A la sortie de l'hiver, le compte était loin d'y être : sur 10 gros poissons rouges, seuls 6 répondaient à l'appel. Cela m'avait étonnée car l'hiver avait été d'une douceur exceptionnelle et tous avaient déjà survécu à des températures bien plus négatives.
Jusqu'il y a un mois, les effectifs sont restés stables. Mais un matin, un nouveau poisson a été porté manquant. Un autre s'est volatilisé quelques jours plus tard, puis encore un autre. Cela commençait à faire beaucoup d'autant qu'aucune explication envisagée ne me semblait satisfaisante.
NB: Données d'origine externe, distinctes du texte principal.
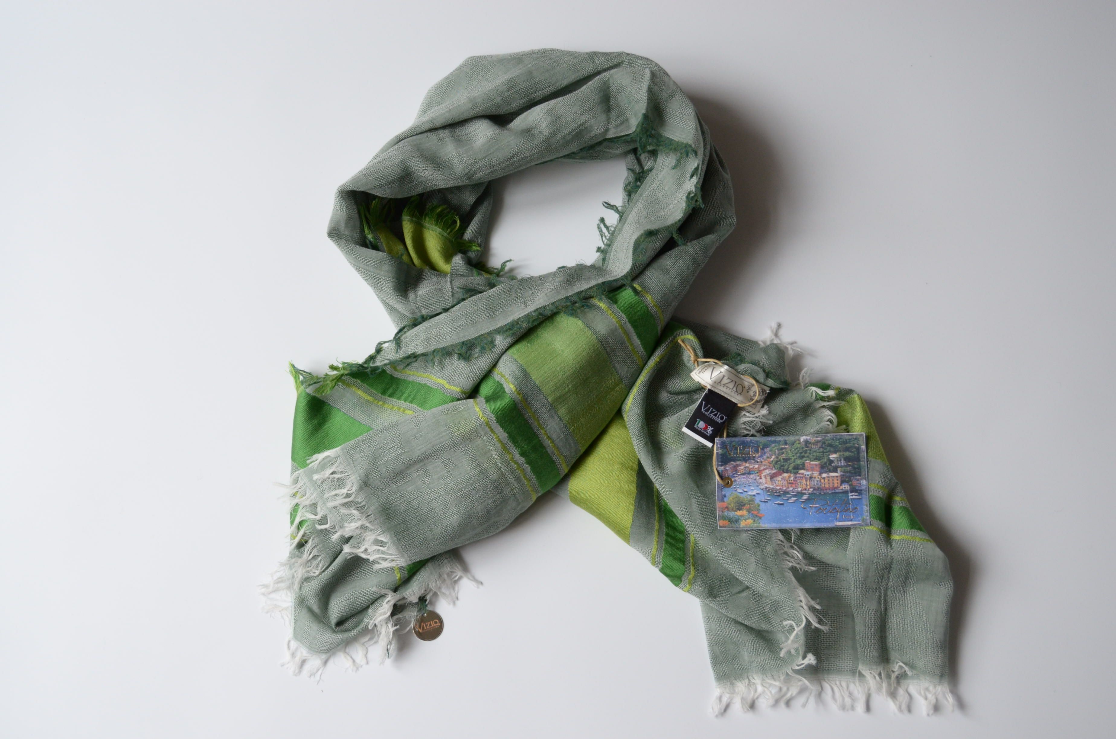 Женский итальянский платок из шелка и хлопка Vizio Италия 6080 салатового цвета коллекция шарфов и платков Италии Визио купить в Москве и России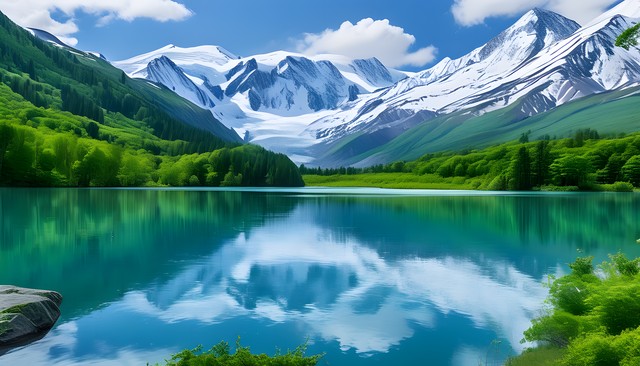 青绿色湖水与巍峨雪山、郁郁葱葱的树林交相辉映,展现自然之美。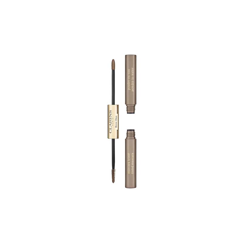 This 2-in-1 product sculpts and sets brows. First, the water-powder defines and visibly thickens brows. Its powdery texture transforms into a creamy, water-light finish. Then, the long-lasting mascara sets and intensifies the shade for perfectly defined brows.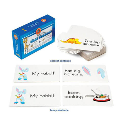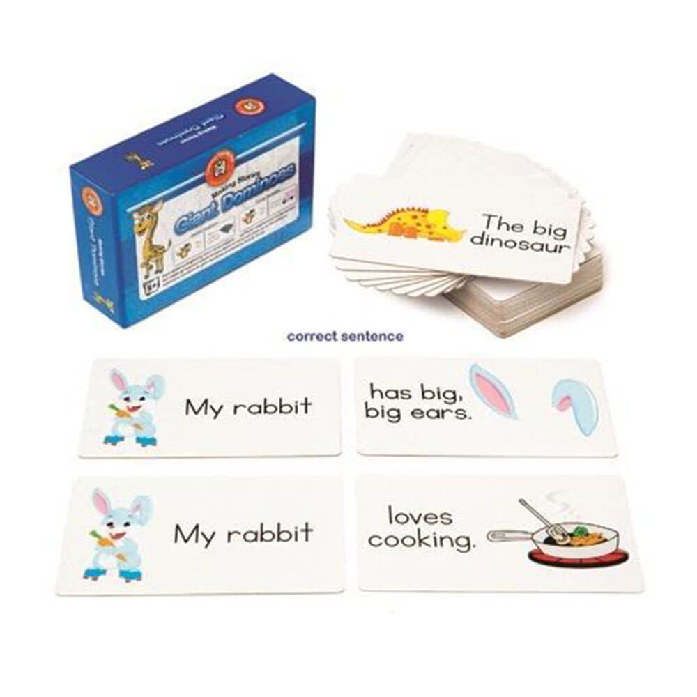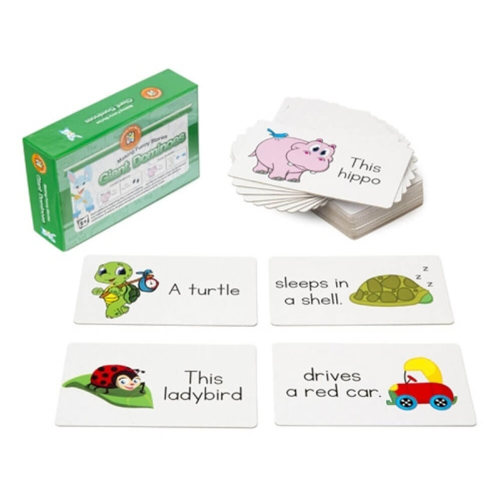 These Learning Can Be Fun Making Stories is Fun Dominoes are perfect for helping new learners develop their language skills. The dominoes contain a variety of words and phrases which can be combined to create funny sentences which can then be read out loud, written down or printed out.

En l'absence de cadavres, la mort naturelle ou de maladie fut écartée. J'ai alors accusé chat, rapace ou autre carnassier sauvage.
Et puis, il y a trois jours, lovée contre la pierre chaude du banc, une couleuvre s'est laissée surprendre. Craintive, elle s'est rapidement enfoncée dans les profondeurs du bassin.
Il a fallu attendre la tombée de la nuit pour réussir à l'observer plus longuement.
Fine mais de belle taille (0.80 m environ), les écailles hésitant entre le brun et le gris, c'est assurément un beau sujet pour qui aime le peuple rampant ... ce qui n'est pas à tout fait mon cas.
Un ami pisciculteur m'assura que l'auteur des disparitions de poissons était trouvé mais que j'allais avoir du mal à déloger l'animal de la résidence 5 étoiles que je lui offrais sans le vouloir : un garde-manger aquatique offrant peu de cachettes à ses proies, une abondante réserve souterraine de viande fraîche, une végétation haute pour se reposer et se dissimuler, un banc de pierre pour se chauffer au soleil, une pile de bois où se débarrasser facilement de ses mues, un compost tout proche où pondre ses oeufs ...
Et même si mon ego se flatte d'avoir su créer un petit écosystème, inutile de préciser que je n'ai pas remis les mains dans le bassin et que je prends bien soin de faire vibrer le sol pour m'annoncer lorsque je m'assieds sur le petit banc de pierre.